Task description
Each entry is to be given again word for word; images are dropped.

= = =

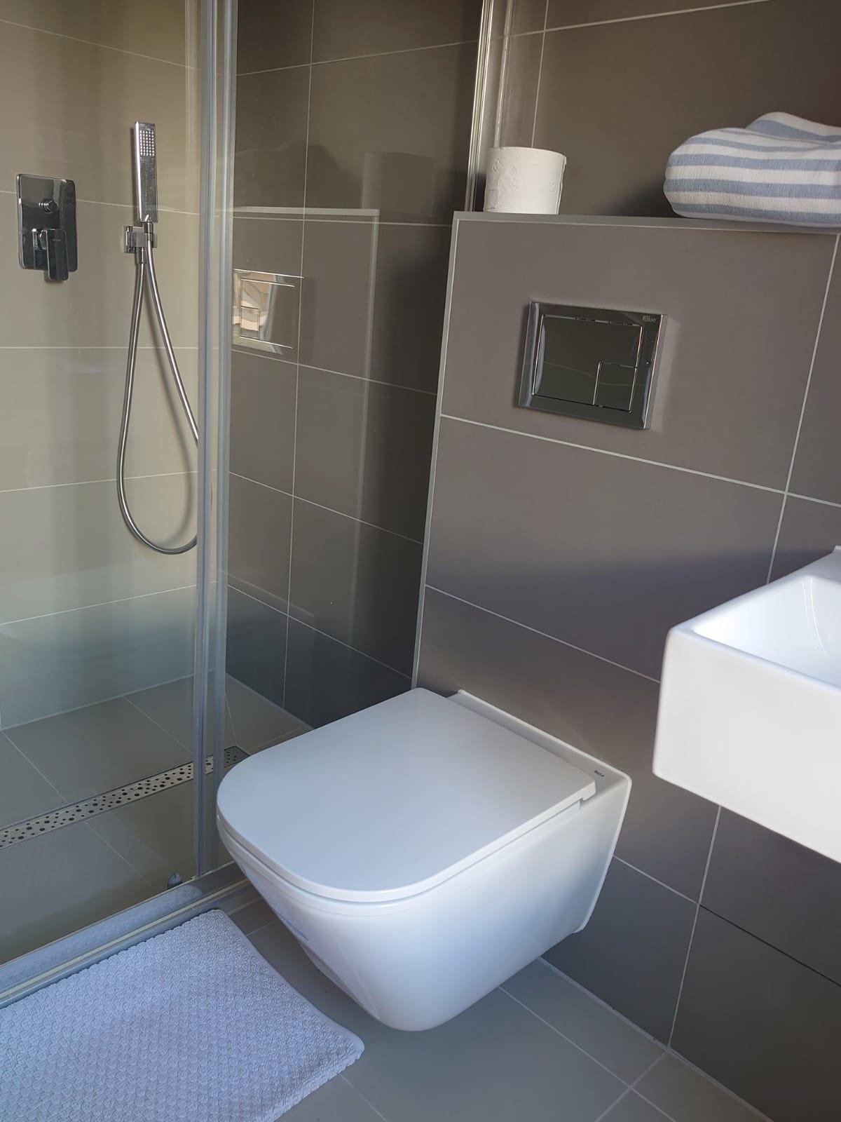 Ein modernes Bad mit bodentiefer Regendusche runden das Ganze stilvoll ab.
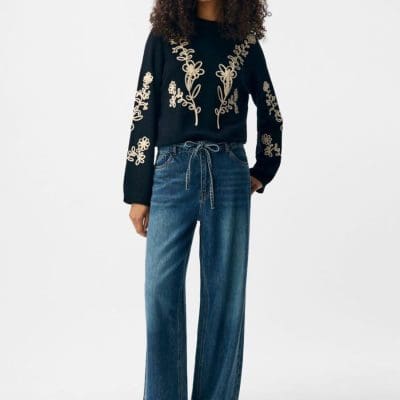 Pour accompagner cette pièce forte, le jean large Objrosie à taille nouée offre un effet mi-haut élégant, soulignant la silhouette tout en conservant un confort optimal. Sa coupe large et fluide équilibre parfaitement la finesse de la chemise, pour un look moderne et harmonieux.
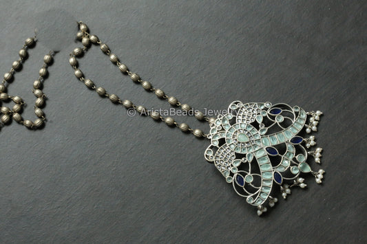 Silver Look Alike Necklace With Jadau Peacock Motif
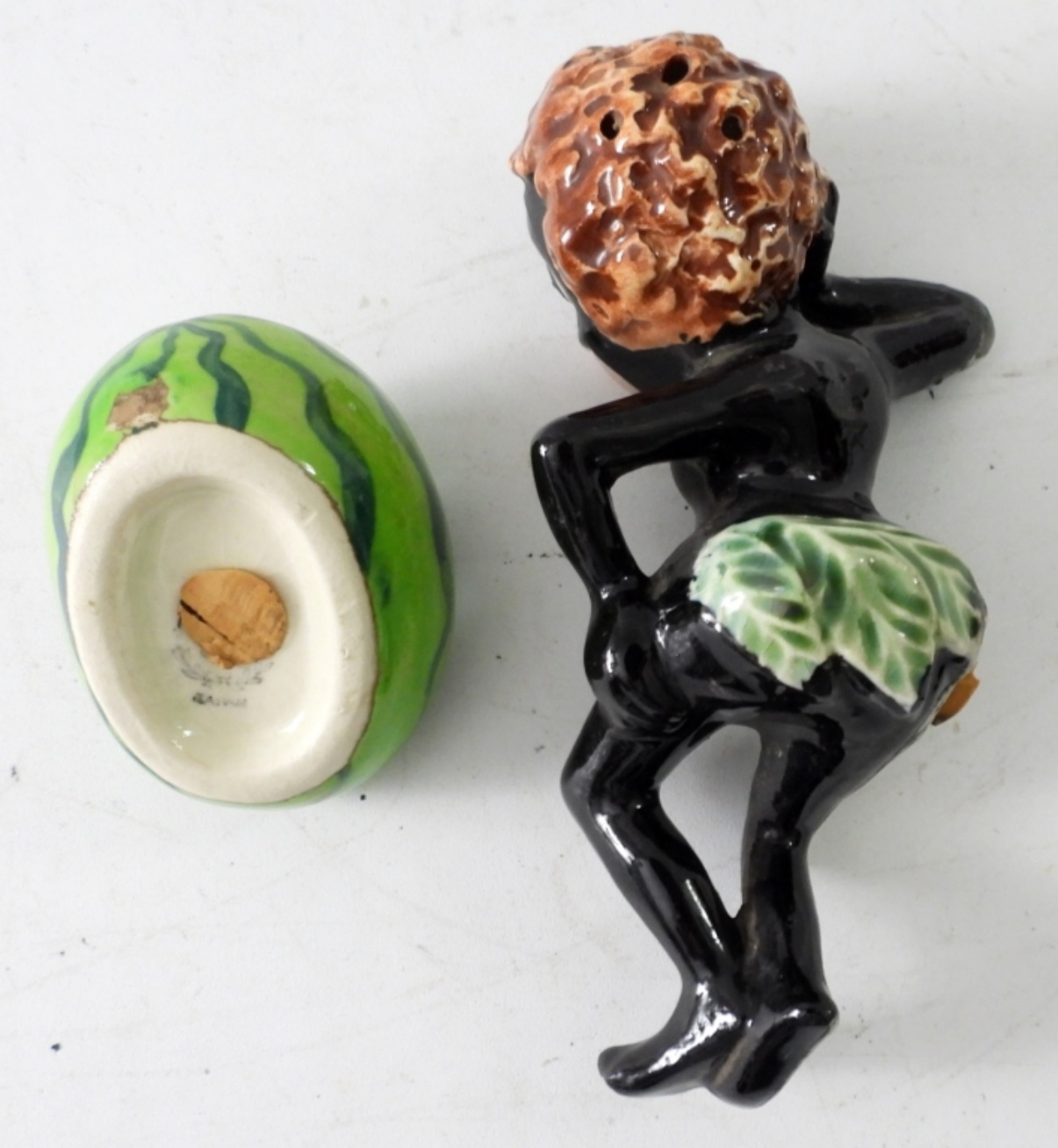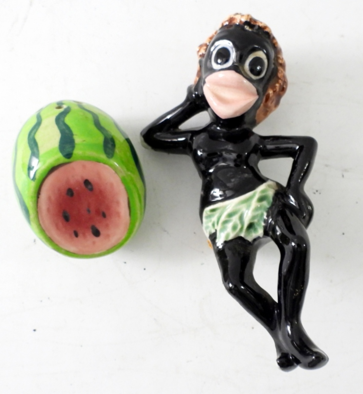 ( 2 PIECE)VINTAGE WATERMELON BLACK AMERICANA S&P SHAKERS, (5 IN LONG)
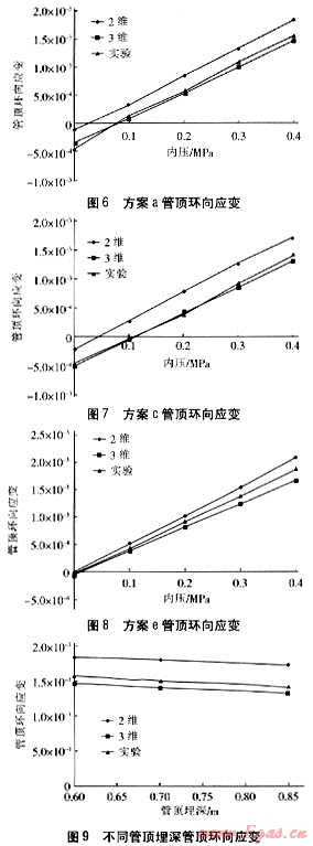 圖6~8分別給出了實(shí)驗(yàn)方案a、c、e在不同燃?xì)鈮毫r(shí),埋地燃?xì)夤艿拦茼敪h(huán)向應(yīng)變與有限元模擬結(jié)果的對(duì)比。圖6~9中給出的實(shí)驗(yàn)與計(jì)算結(jié)果均為實(shí)驗(yàn)管段中間斷面的數(shù)據(jù)。有限元模擬采用了2維模型與3維模型兩種方法。
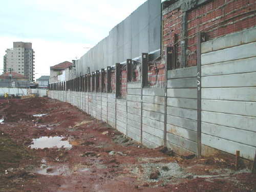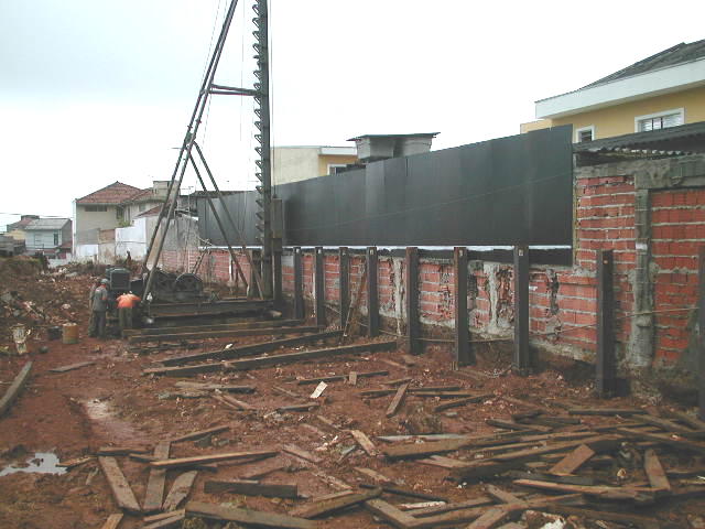 | - Foto em 06/02/04 - Cravando perfis na periferia. | |
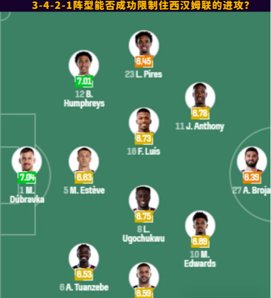 更雪上加霜的是后防线——绝对主力托迪博上轮染红停赛,要禁赛三场,本场根本上不了!这位本赛季出场20次、场均1.83次抢断、4.44次解围、2.33次争顶的后防核心一缺席,西汉姆联的防线就等于少了一根定海神针。
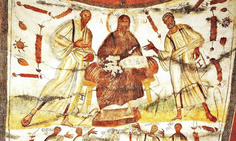 - Dettaglio di un affesco rappresentante San Pietro che regge un cartiglio: Figure no. 93 published in Wilpert, J. Die Malereien der Katacomben Roms; Herder: Freiburg im Breisgau, Germany, 1903. [Google Scholar] pubblicata anche nell’articolo: De Caro, L.; La Greca, F.; Matricciani, E. The Search of St. Peter’s Memory ad catacumbas in the Cemeterial Area ad Duos Lauros in Rome. Heritage 2021, 4, 479-506.

= = =

Task output
 Ein modernes Bad mit bodentiefer Regendusche runden das Ganze stilvoll ab.
 Pour accompagner cette pièce forte, le jean large Objrosie à taille nouée offre un effet mi-haut élégant, soulignant la silhouette tout en conservant un confort optimal. Sa coupe large et fluide équilibre parfaitement la finesse de la chemise, pour un look moderne et harmonieux.
 Silver Look Alike Necklace With Jadau Peacock Motif
 ( 2 PIECE)VINTAGE WATERMELON BLACK AMERICANA S&P SHAKERS, (5 IN LONG)
 圖6~8分別給出了實(shí)驗(yàn)方案a、c、e在不同燃?xì)鈮毫r(shí),埋地燃?xì)夤艿拦茼敪h(huán)向應(yīng)變與有限元模擬結(jié)果的對(duì)比。圖6~9中給出的實(shí)驗(yàn)與計(jì)算結(jié)果均為實(shí)驗(yàn)管段中間斷面的數(shù)據(jù)。有限元模擬采用了2維模型與3維模型兩種方法。
 | - Foto em 06/02/04 - Cravando perfis na periferia. | |
 更雪上加霜的是后防线——绝对主力托迪博上轮染红停赛,要禁赛三场,本场根本上不了!这位本赛季出场20次、场均1.83次抢断、4.44次解围、2.33次争顶的后防核心一缺席,西汉姆联的防线就等于少了一根定海神针。
 - Dettaglio di un affesco rappresentante San Pietro che regge un cartiglio: Figure no. 93 published in Wilpert, J. Die Malereien der Katacomben Roms; Herder: Freiburg im Breisgau, Germany, 1903. [Google Scholar] pubblicata anche nell’articolo: De Caro, L.; La Greca, F.; Matricciani, E. The Search of St. Peter’s Memory ad catacumbas in the Cemeterial Area ad Duos Lauros in Rome. Heritage 2021, 4, 479-506.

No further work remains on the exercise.